But, original observations of these deep-water urchins were made before research submersibles or ROVs were in use. How did scientists back then learn about animals that lurked way beyond the reach of scuba gear?

In 1938 a Danish zoologist, Ole Theodor Jensen Mortensen, described the stomach contents of relatives of A. belli that a trawling ship had brought to the surface. While he was not able to observe the animals alive in their deep habitat, the remarkable observation of plant material inside their bodies led him to propose that some sea urchins were vegetarians. These individuals had apparently fed on plants that had broken off from shallow sea grass beds, or floated down rivers, then drifted down to the deep sea.Drawing of USS Albatross research ship showing its two sailing masts and central smokestack.

Decades later, Mortensen’s discovery was confirmed by other scientists, including Smithsonian Zoologist Dave Pawson, who found sea grass in specimens of A. belli. The specimens are from the historic US Fish Commission Steamer Albatross, the first dedicated U.S. ocean research ship, which made expeditions from 1883-1921. Trawling with long nets for months, the Albatross collected millions of specimens, often from great depths. Aboard the Albatross in 1906 was a young Austin Clark, the ship's lead naturalist.

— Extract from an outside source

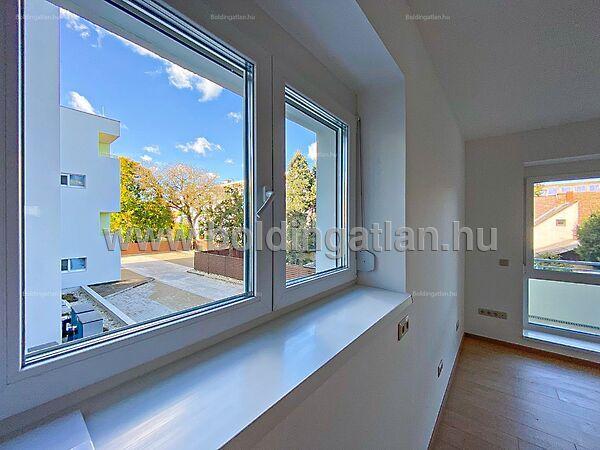 Kaposváron a belvárosban, a Dési Huber utcában - a kórház közelében - igényes kivitelben épült, modern architektúrájú 30 lakásos, új társasház 2. emeletén, 80 m2-es lakás - 10 m2-es erkéllyel együtt eladó. A lakásban nappali-étkező-konyha, 3 szoba, közlekedő, szélfogó, fürdőszoba, wc helyiségek kerültek kialakításra. Az épület korszerű energetikájú, a lakás fűtés levegő-víz hőszivattyús Nibe fűtésrendszerrel - padlófűtéssel, a fürdőszobában elektromos törölközőszárító radiátorral - van megoldva, továbbá a lakás hűtése fan-coil Gree rendszerrel történik. A lakás fűtéséhez, vagy hűtéséhez szükséges villamosenergiát az épület tetején elhelyezett napelemek biztosítják, a társasházban központi vízlágyító berendezés is beszerelésre került. A fürdőszobában magas minőségű Wellis szerelvények kerültek beszerelésre. A lakáshoz igény esetén 3.000.000.- Ft-ért az épület zárt udvarában 1 személyautó részére parkolóhely megvásárolható! Az ingatlan megvásárlásához CSOK igényelhető!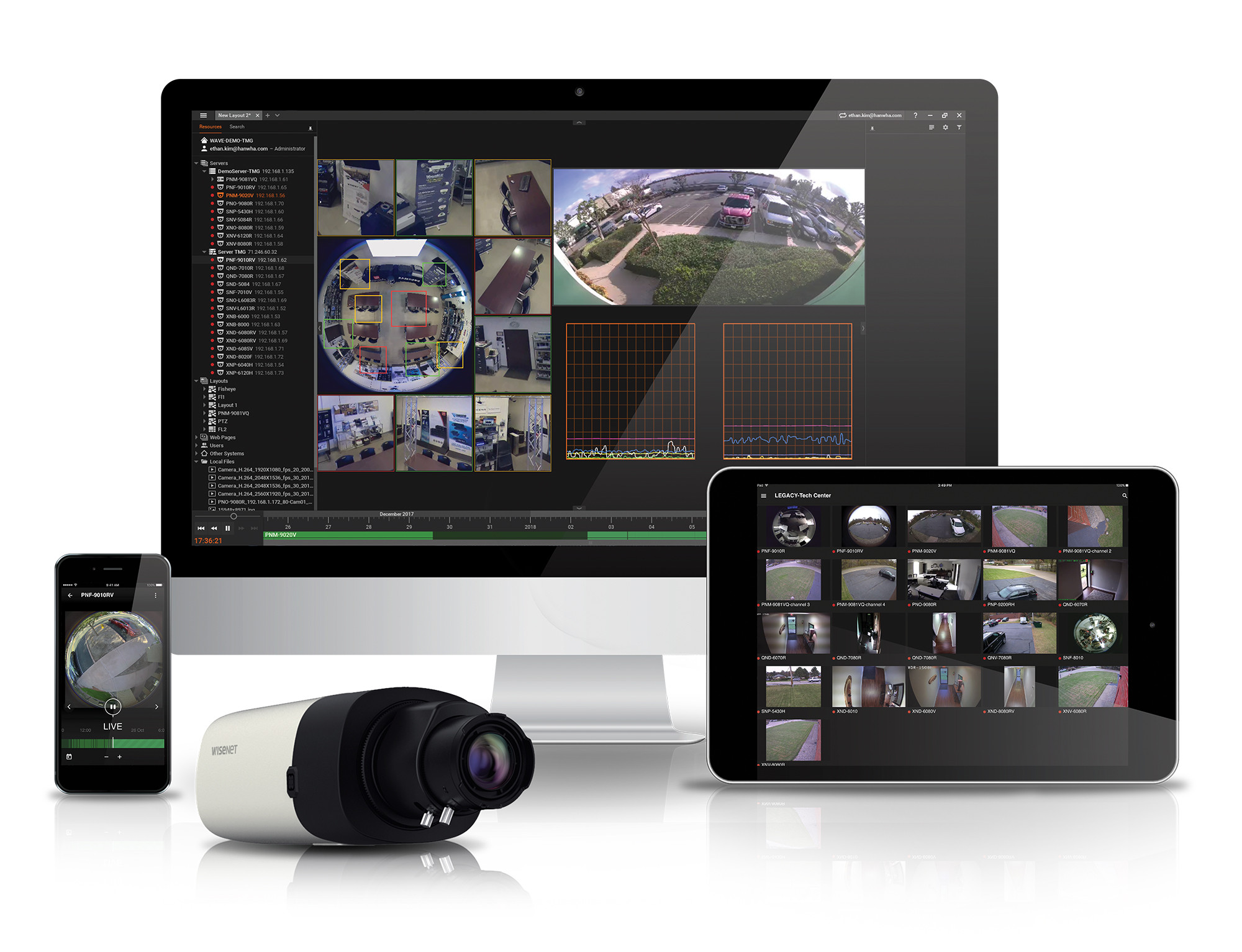 Wisenet WAVE is the flexible, intuitive, and powerful video management system from Hanwha Vision, purpose-built to simplify the management of even the most demanding video surveillance environments. Designed with an open architecture and user-friendly interface, WAVE allows businesses to easily view, search, and manage live and recorded video from any Wisenet camera — and hundreds of third-party devices.

Among the animals Austin catalogued were hundreds of species of sea urchins and relatives that greatly expanded the echinoderm collection at the Smithsonian’s “U.S. National Museum.”  

Echinoderms also include sea stars, sea cucumbers, brittle stars, and crinoids. Their diverse body shapes reflect the range of marine habitats they occupy, from shallow reefs to deep ocean bottom. While sea urchins do justice to the name (echino = “spiny”; derm = “skin”), other echinoderms may be soft, smooth, feathery, or bumpy. What they all have in common is a body with five-part symmetry, obvious in a five-armed sea star but hidden under the skin of a sea cucumber. Austin Clark, in his later work at the U.S. National Museum, described nearly 500 new species of echinoderms. 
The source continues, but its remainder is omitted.